Moldy walls. Garbage-strewn sidewalks. Water leaks. Rats. Not the sort of features that get mentioned in the "for rent" ads.
Metro Atlanta is built for the mobility generation. Hundreds of apartment complexes, thousands of units offered for rent to people who aren't ready to buy or just prefer what they imagine will be a carefree life of leasing.
But even with a lease, some renters can find themselves in a messy dispute with their landlord. In fact, it's one of the largest categories of complaints we get in the FOX 5 I-Team.
Often these disputes fall into one of three categories. Read on to make sure you don't make the same apartment mistake.
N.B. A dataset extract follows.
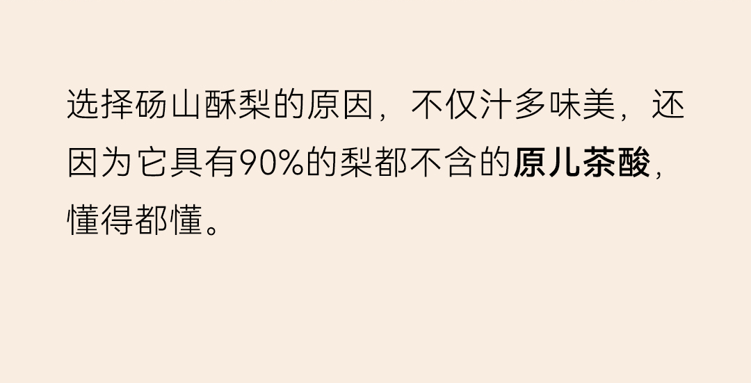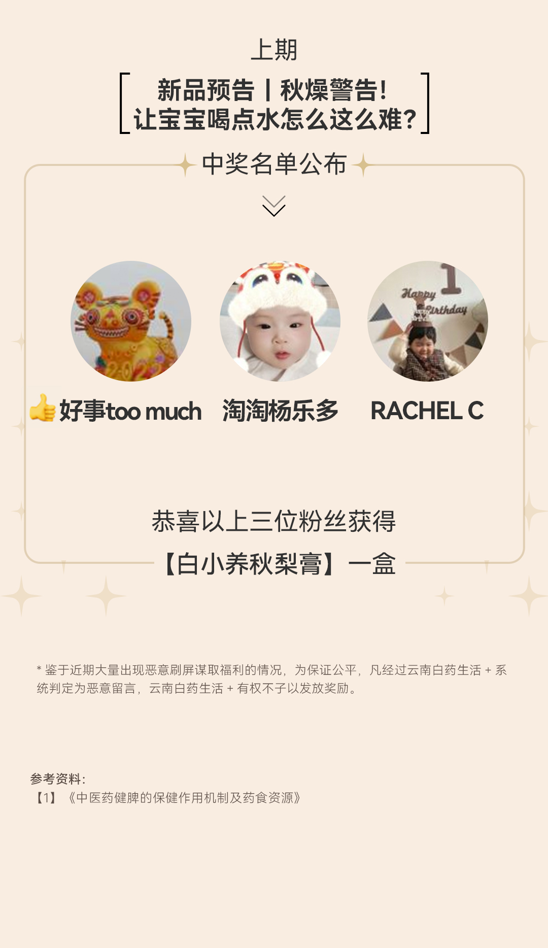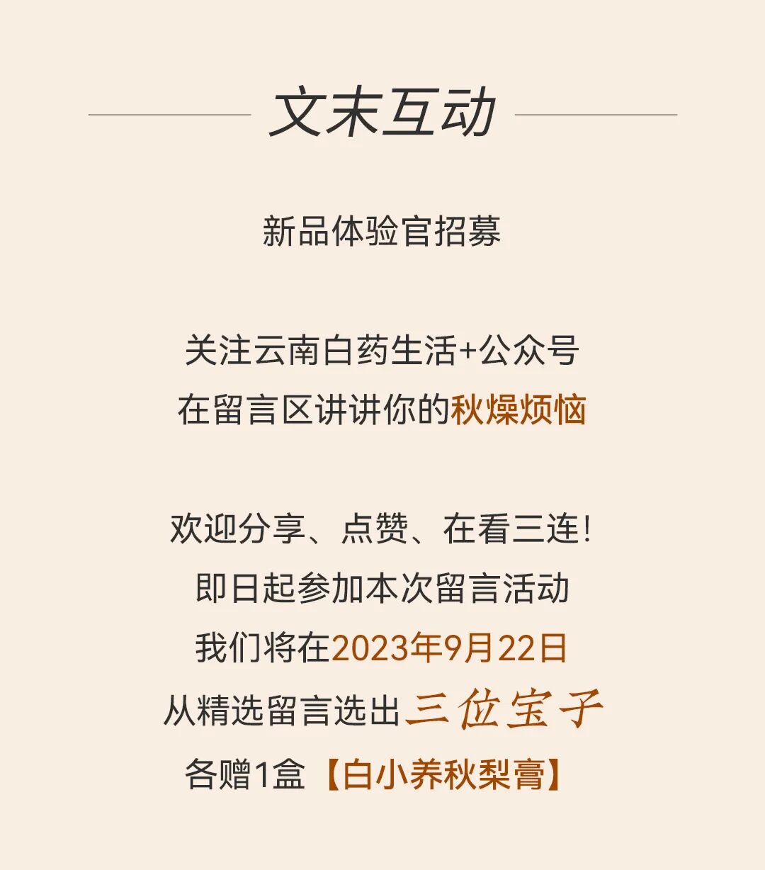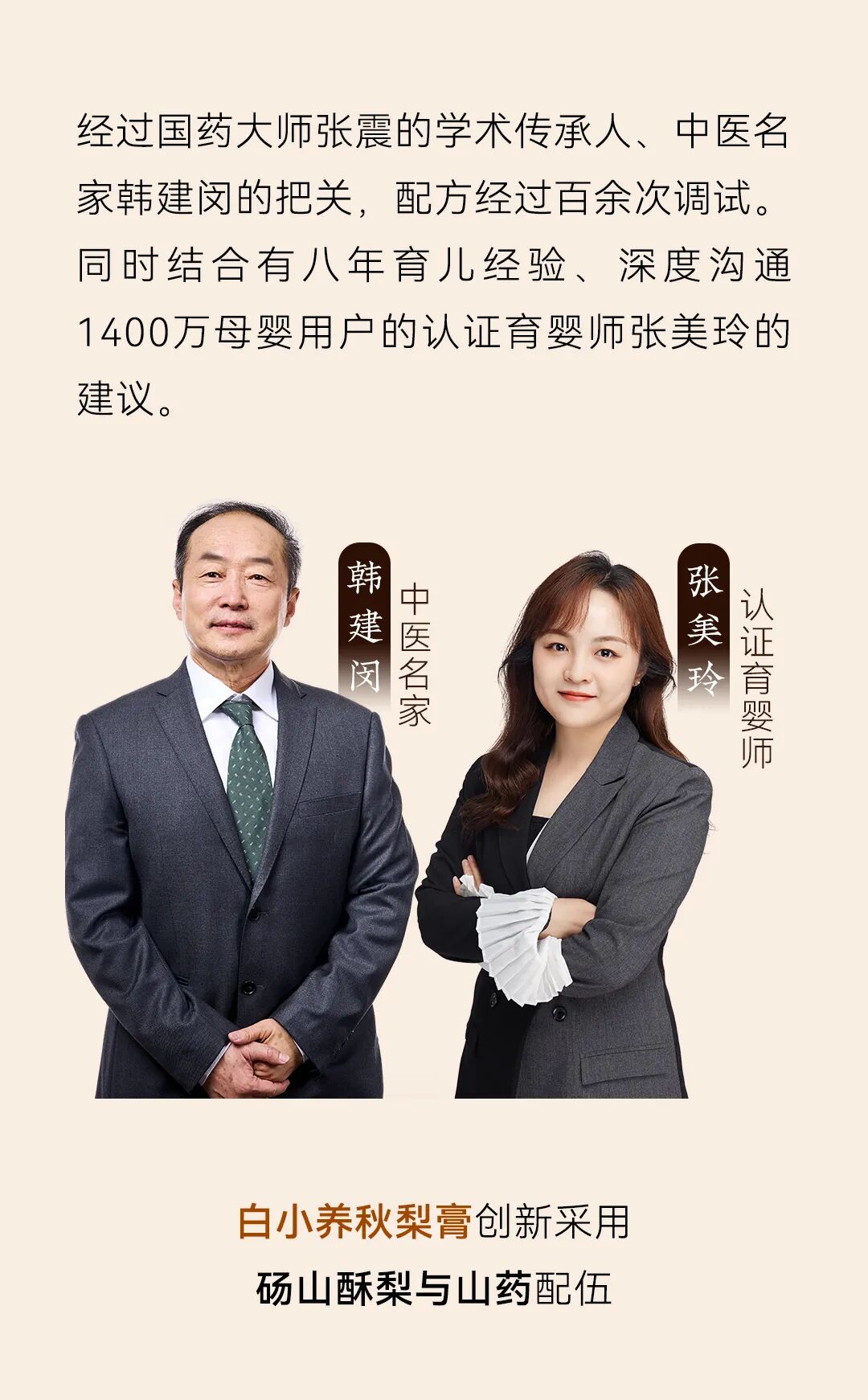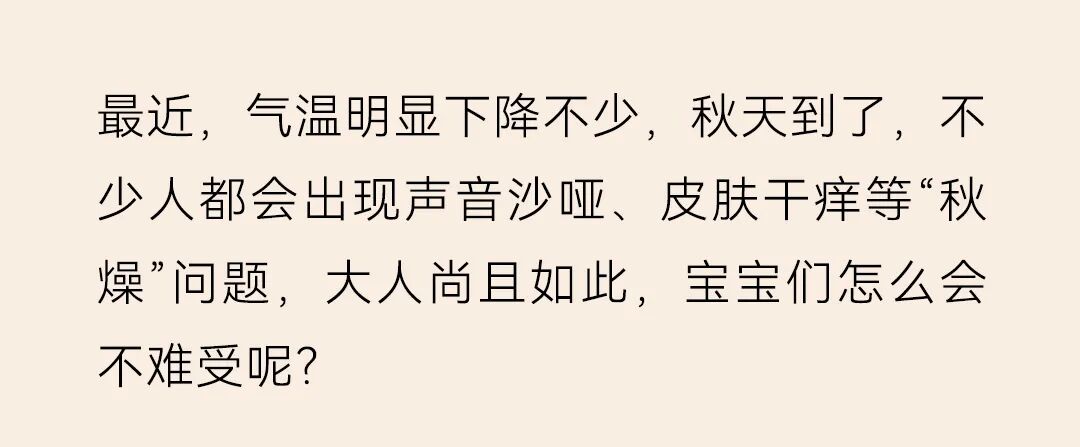 秋风多,雨相和最近,气温明显下降不少,秋天到了,不少人都会出现声音沙哑、皮肤干痒等“秋燥”问题,大人尚且如此,宝宝们怎么会不难受呢?皮肤干燥、鼻干口干、干咳少痰、大便干结点一点,秋燥不见了?新鲜的梨香四溢,和秋燥说拜拜,拥抱天高气爽!赶走秋燥的头号功臣?白小养秋梨膏补水润燥不怕“寒”针对秋燥侵袭,“多喝水”是基础,其次还讲究“滋阴”白小养秋梨膏是很好的选择将润燥生津的砀山梨和健脾养胃的山药融于一方徐徐生津,以养真阴,消内外之燥。【润而不寒 宝宝爱上续杯】好梨膏,原料大有来头,配比严格把关!砀山酥梨 润燥生津一口清润,喉咙滋润舒服砀山梨的清甜,让宝宝爱上喝水白小养秋梨膏原料讲究地用到“根正苗红”出身于黄河故道百年梨园的砀山酥梨。北纬34°的黄河故道,土质松散,矿物质丰富;日照2219h/年在果树上自然成熟;10.3℃的昼夜温差,养出糖分足、果肉厚、多汁脆爽的砀山酥梨!选择砀山酥梨的原因,不仅汁多味美,还因为它具有90%的梨都不含的原儿茶酸,自带化痰止咳、抗菌消炎的属性。山药,健脾养胃梨味甘却性寒,吃多恐伤脾胃山药入肺、脾、肾经,为宝宝脾胃添护力经过国药大师张震传承人韩院长的把关配方与百余次调试,创新采用砀山酥梨与山药配伍。医家评价山药为“温补”“性平”,是“药食同源”的典范。白小养秋梨膏中的山药多糖提取物,其原料只采用河南焦作垆土铁棍山药。“铁棍山药”为怀山药中的珍品,富含多糖、微量元素、游离氨基酸等营养物质,现代医学表明山药及其提取物具保护消化道的作用。白小养秋梨膏在砀山梨的基础上多一味铁棍山药,确保祛燥热的同时健脾养胃不怕寒。【扎实用料 一杯一颗鲜梨】

Rule #1: Look Before You Lease
Joi Ford and her family agreed to lease a Mableton apartment without ever seeing it. Sure, they looked at the model apartment. But when they showed up with their furniture to move into their actual unit, they say they had no idea it would be in the back of the complex, through a dirty entrance way that bordered the woods. A few weeks later they say they began to notice the mold building up on their shoes, the baby's car seat, even sprouting from inside the wall of their bedroom.
The apartment provided a dehumidifier for a few days, but the mold grew back. The property manager said Joi needed to run her AC more. She said she shouldn't have to run it 24/7.
The complex agreed to let her break the lease but wouldn't give back her deposit. She says she never would have put herself in this predicament if she'd only followed Rule #1. Look before you lease.
Rule #2: Get It In Writing
Amanda Duncan claims her Lawrenceville landlord agreed to return her $400 deposit if she left her apartment clean. She says she did just that. But a month later, the property manager sent her a letter saying the deposit was forfeited because of trash, food and a dirty diaper left behind.
Amanda had pictures showing a clean apartment, but the landlord produced one showing some cigarette packages on the toilet. Because she didn't get the deposit refund promise in writing, there was nothing Amanda could do.
Whenever you have a serious complaint with your landlord, put it in writing. And whenever they make a promise back to you, especially one that involves money, make sure you follow Rule #2. Get it in writing.
Rule #3: It's the Landlord's Job
The landlord can't make you responsible for repairs. That's the landlord's job. Also, they can't make you pay for services without working it out with you first, preferably in writing. Neil Morrison says after four years of living in a Cobb County apartment complex he discovered the complex had been making him pay for the security light over the parking lot. Somehow the light had been wired into his power box. Georgia Power says on average that would be an extra $30 on his monthly power bill, or $1440 over the four years he lived there.
After he complained, the complex decided not to renew Neil's lease when it ran out. They have that right. They offered him $876 credit for the past power bills.
If your landlord is not making proper repairs, housing legal experts say you can do the work yourself and deduct the cost from the rent. It's called "repair and deduct." You must first give the landlord notice in writing and a reasonable amount of time for the complex to address the problem. The term "reasonable" is not defined. Keep all receipts and written notices in case the landlord takes you to court for failing to pay all the rent.
Remember Rule #3, though. Any repairs you make, any security lights you pay for, it's really the landlord's job.